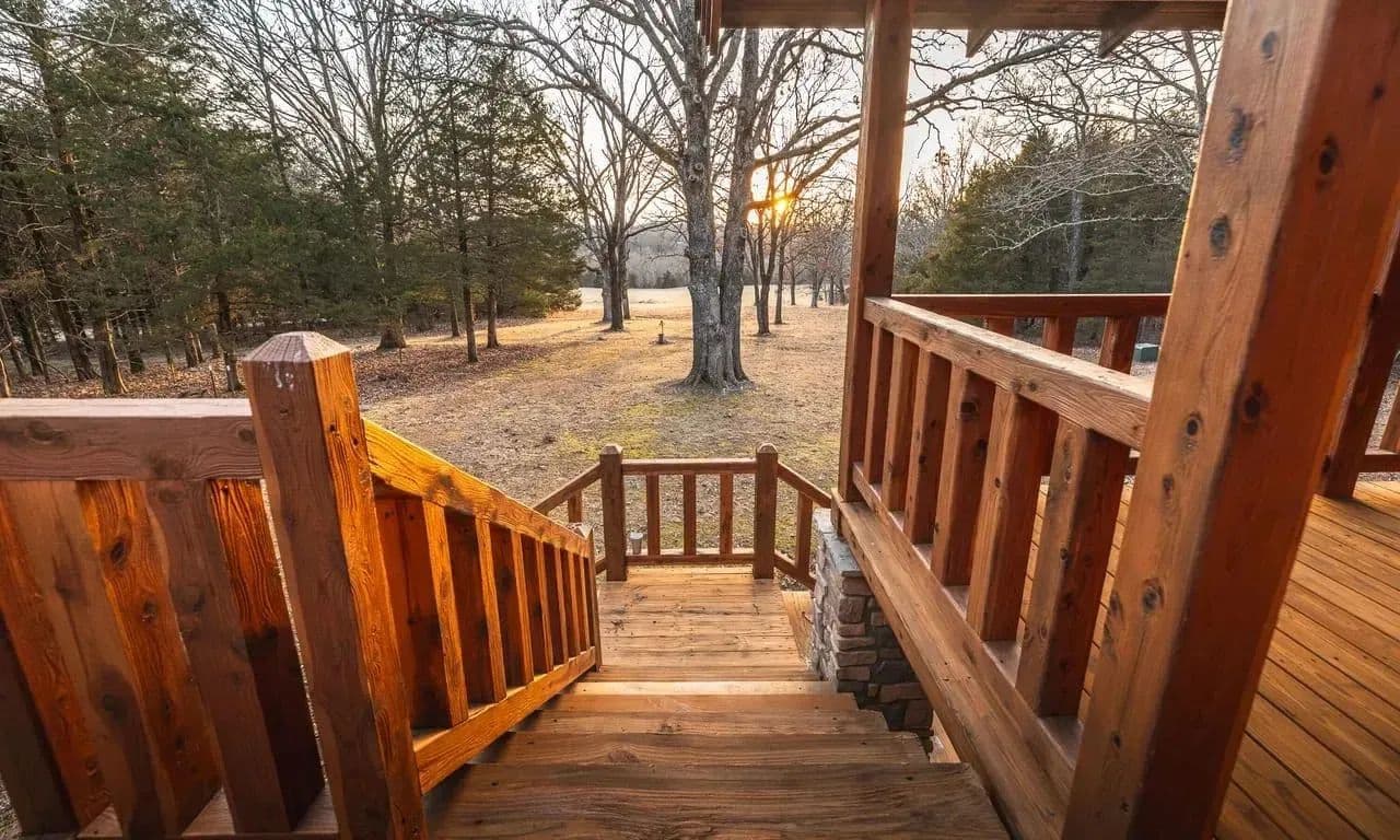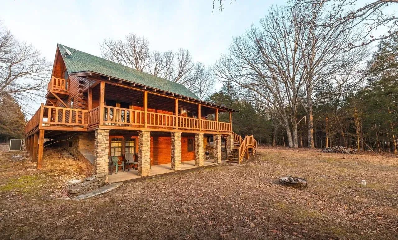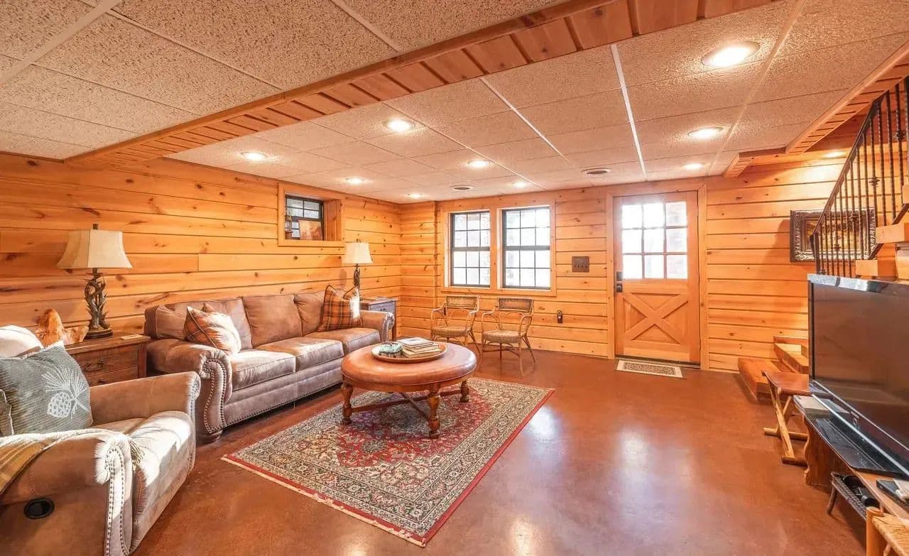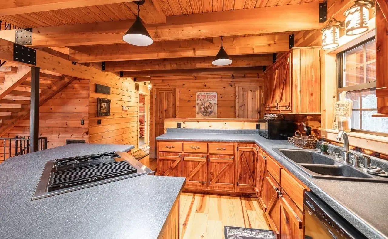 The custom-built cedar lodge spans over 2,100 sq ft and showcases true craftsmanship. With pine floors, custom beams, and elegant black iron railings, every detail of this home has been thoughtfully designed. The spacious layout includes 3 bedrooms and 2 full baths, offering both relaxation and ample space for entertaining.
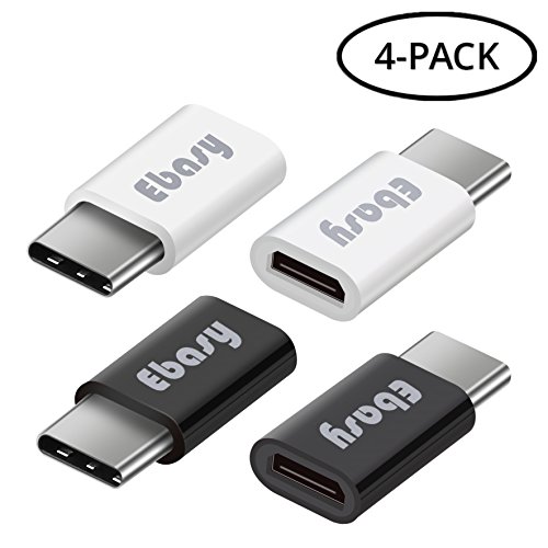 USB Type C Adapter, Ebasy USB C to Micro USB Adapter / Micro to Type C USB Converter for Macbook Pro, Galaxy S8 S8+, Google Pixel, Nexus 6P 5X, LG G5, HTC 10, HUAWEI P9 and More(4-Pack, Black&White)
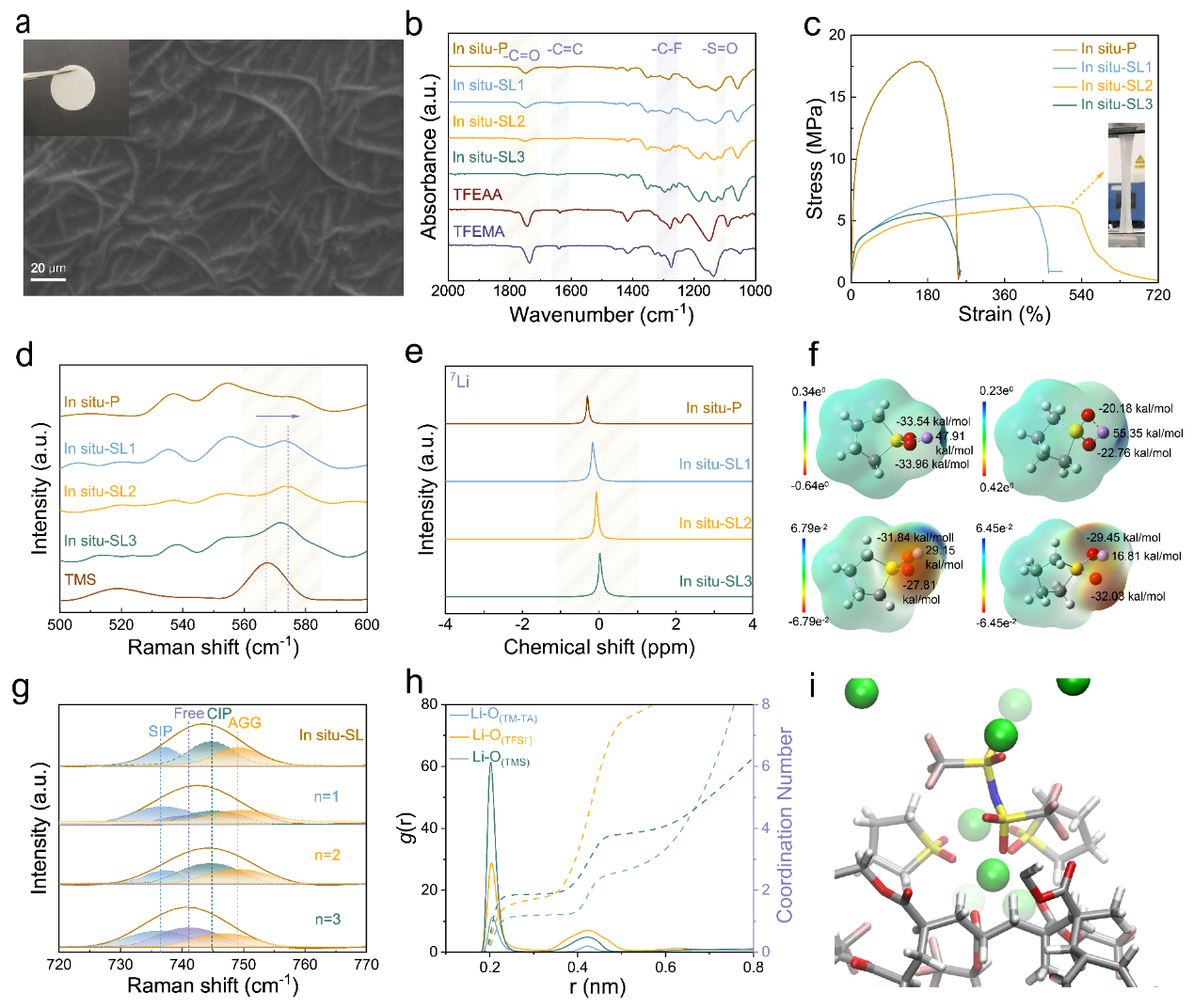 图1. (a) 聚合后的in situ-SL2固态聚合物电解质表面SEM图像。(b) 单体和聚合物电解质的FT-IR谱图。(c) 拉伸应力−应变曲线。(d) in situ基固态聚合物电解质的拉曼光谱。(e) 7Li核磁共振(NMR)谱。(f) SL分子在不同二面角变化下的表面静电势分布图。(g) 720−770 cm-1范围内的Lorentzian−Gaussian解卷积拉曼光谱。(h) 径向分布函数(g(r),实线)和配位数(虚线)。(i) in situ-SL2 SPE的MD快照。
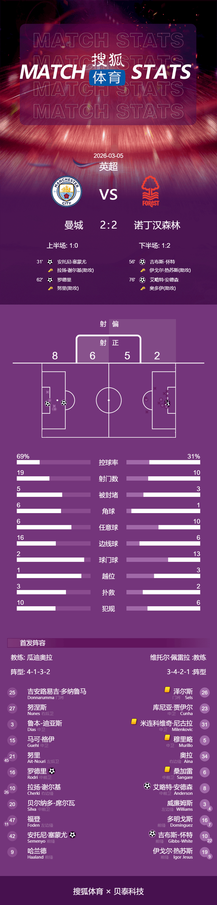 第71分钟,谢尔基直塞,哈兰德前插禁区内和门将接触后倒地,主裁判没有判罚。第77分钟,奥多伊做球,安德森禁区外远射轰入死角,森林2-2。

EXERCISE PROMPT: Set down all of the material word for word, but keep each picture out.

COMPLETED TASK:
 The custom-built cedar lodge spans over 2,100 sq ft and showcases true craftsmanship. With pine floors, custom beams, and elegant black iron railings, every detail of this home has been thoughtfully designed. The spacious layout includes 3 bedrooms and 2 full baths, offering both relaxation and ample space for entertaining.
 USB Type C Adapter, Ebasy USB C to Micro USB Adapter / Micro to Type C USB Converter for Macbook Pro, Galaxy S8 S8+, Google Pixel, Nexus 6P 5X, LG G5, HTC 10, HUAWEI P9 and More(4-Pack, Black&White)
 图1. (a) 聚合后的in situ-SL2固态聚合物电解质表面SEM图像。(b) 单体和聚合物电解质的FT-IR谱图。(c) 拉伸应力−应变曲线。(d) in situ基固态聚合物电解质的拉曼光谱。(e) 7Li核磁共振(NMR)谱。(f) SL分子在不同二面角变化下的表面静电势分布图。(g) 720−770 cm-1范围内的Lorentzian−Gaussian解卷积拉曼光谱。(h) 径向分布函数(g(r),实线)和配位数(虚线)。(i) in situ-SL2 SPE的MD快照。
 第71分钟,谢尔基直塞,哈兰德前插禁区内和门将接触后倒地,主裁判没有判罚。第77分钟,奥多伊做球,安德森禁区外远射轰入死角,森林2-2。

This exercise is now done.